9th February 2023

SVI assembly speech by Gregor C on the topic of Holocaust Memorial Day. First presented at Monday assembly 6th February 2023.

78 years ago, on the 27th of January 1945, the Red Army finally liberated the Auschwitz-Birkenau concentration camp in Poland which has come to be regarded as the site of some of the worst atrocities in human history. Despite holding 1.3 million people during its operation, by the time the Soviets reached Auschwitz, just 7,000 remained. The scenes of suffering that were witnessed by the liberating troops were horrifying, with Soviet General Vasily Petrenko remarking at his shock at the “indescribable hatred” that had befallen those held in the camp.

The Holocaust – as it came to be known – was the genocide of six million Jewish people. As a result, every year on the 27th of January during Holocaust Memorial Day, we remember the six million Jewish people who were systematically persecuted and murdered by the Nazis and their collaborators during the Holocaust. We also remember other groups who were persecuted and murdered by the Nazis. These include Roma and Sinti people, disabled people, gay people, Jehovah’s Witnesses, political opponents, and many others. 

Although the Holocaust happened almost 80 years ago, it is still part of living history. As such, it is it is important to remember, reflect and help share the legacy of the Holocaust with future generations. These events must be remembered as they serve as warning of what can happen when we allow racist and discriminatory ideology to grow and why we must stand up against it.

The theme of this year’s Holocaust Memorial Day is 'Ordinary People’ because it was ordinary people, living ordinary lives, who were attacked, not because of something they had done, but simply because of who they were. Because of their religion, their nationality, the colour of their skin or the people that they loved. And it was ordinary people who stood by and allowed it to happen, persuaded by the propaganda fed to them or afraid to act for fear of retribution. Some ordinary people went to extraordinary measures to speak out or to try to rescue others. Other ordinary people were the attackers, the guards and soldiers, the politicians, the railway workers transporting people to their deaths, the enablers.

This theme of ‘ordinary people’ is a powerful one. Its message is one that applies not only to events on the scale of the Holocaust, but to everyday life because, in the words of Edmund Burke, “all that is necessary for evil to triumph is for good men to do nothing.” It is about ordinary people standing up for what they believe in because sometimes that’s all it takes. Throughout history, ordinary people have often decided to ignore what was going on around them, to become bystanders, to allow genocide to continue. This is what we must learn from the past, that we ordinary people have the ability to stand up for what we believe in and prevent atrocities like this from happening again.

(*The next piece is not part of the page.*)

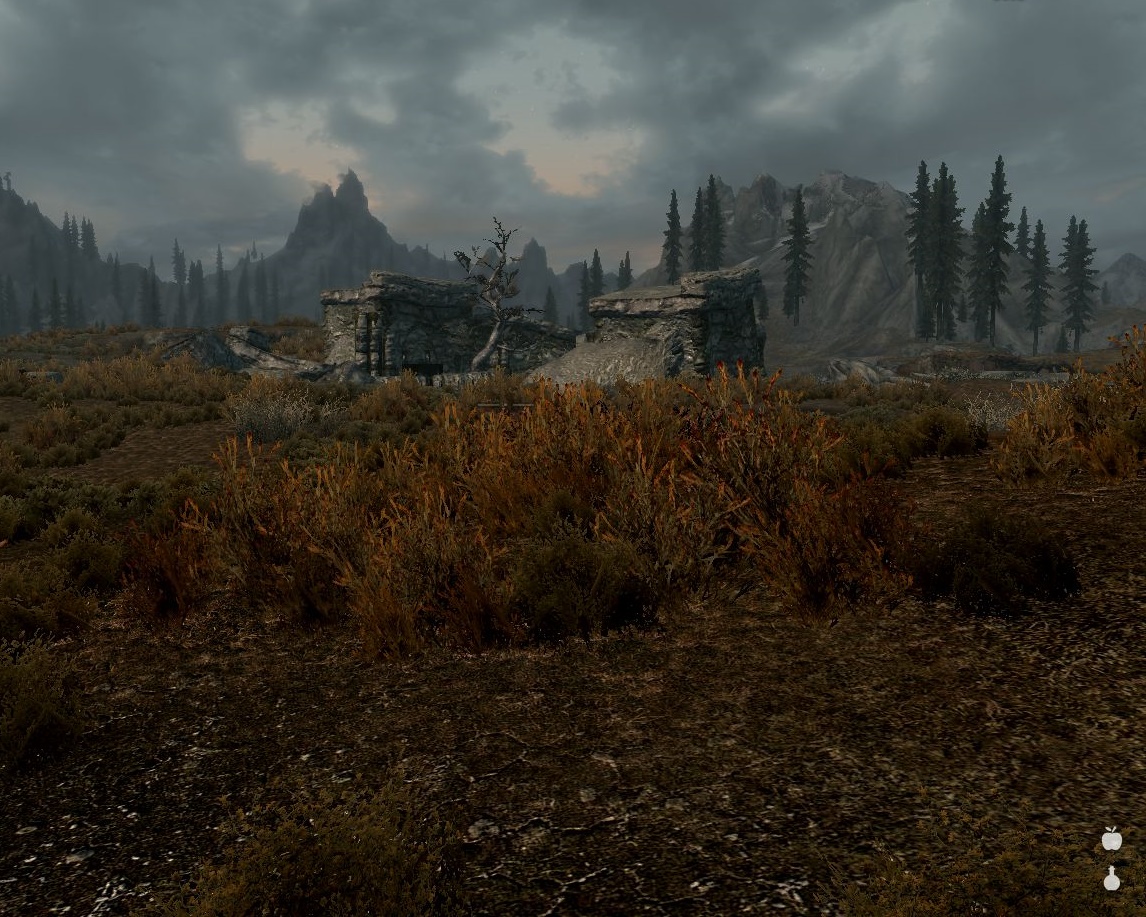 By the way, this village is supposed to be called Elinhir. Can't be the town of Elinhir southwest of Falkreath, can it? No, Ghorbash assures me. This is just a village with the same name. On the official maps it's referred to as Upper Elinhir because it's up on the hills. The legends say the city of Elinhir in the lowlands further southeast was established by the people from this area and is in fact named after this village.

After the Holocaust, the world said never again, but the truth is, humanity has failed to learn the lessons of the Holocaust, and around the world today people are still being targeted because of who they are. On Holocaust Memorial Day, we also remember the millions of men, women, and children, who have been murdered in the genocides which have followed – in Cambodia, Rwanda, Bosnia, and Darfur. In conflicts, government sponsored atrocities, and as part of everyday society, in countries all over the globe including right here in the UK, people continue to be persecuted because of who they are. And, reflecting on the murder of children in particular, it makes me think about those two unignorable rights which are at the very heart of the UN Convention on the Rights of the Child: Article 6 and Article 30, the first affirming the right to life and the second of these insisting on the child’s right to use their own language, culture and religion. 

Since the murder of six million Jews in the Holocaust, identity-based hostility and attacks have continued around the world. Genocide has taken place again and again, with this year marking the 20th anniversary of the Genocide in Darfur in which 300,000 people are estimated to have been killed. Genocides have continued to plague the world. Ordinary people became neighbours with machetes in Rwanda turning on each other overnight, schoolteachers turned concentration camp guards in Bosnia, and it was ordinary people who made the decision to ignore what was going on around that allowed genocide to happen.

Genocide does not happen out of the blue – it is the result of prejudice and persecution which sees a group treated differently from the rest of society. On Holocaust Memorial Day, we are reminded of what can happen when prejudice and persecution are left unchallenged, and of our responsibilities to stand against these processes when we see them in our own communities. The Holocaust Memorial Trust breaks genocide down into 10 stages moving from the classification of a group of people to the extermination of that group. We see these stages happening in countries around the globe in places like China where over one million Uyghur Muslims have been detained and targeted, with several countries accusing China of committing genocide. This shows us how easily history repeats itself when ordinary people don’t stand up and try to stop these actions. To stop these atrocities, we must educate ourselves and scrutinise the actions of people in power so we can build a world in which people can identify and challenge these actions.

To finish, I am going to return to the theme of ordinary people, because it is us ordinary people that allow these actions to happen, but it is also us ordinary people who can stand up against these actions and prevent them from taking place.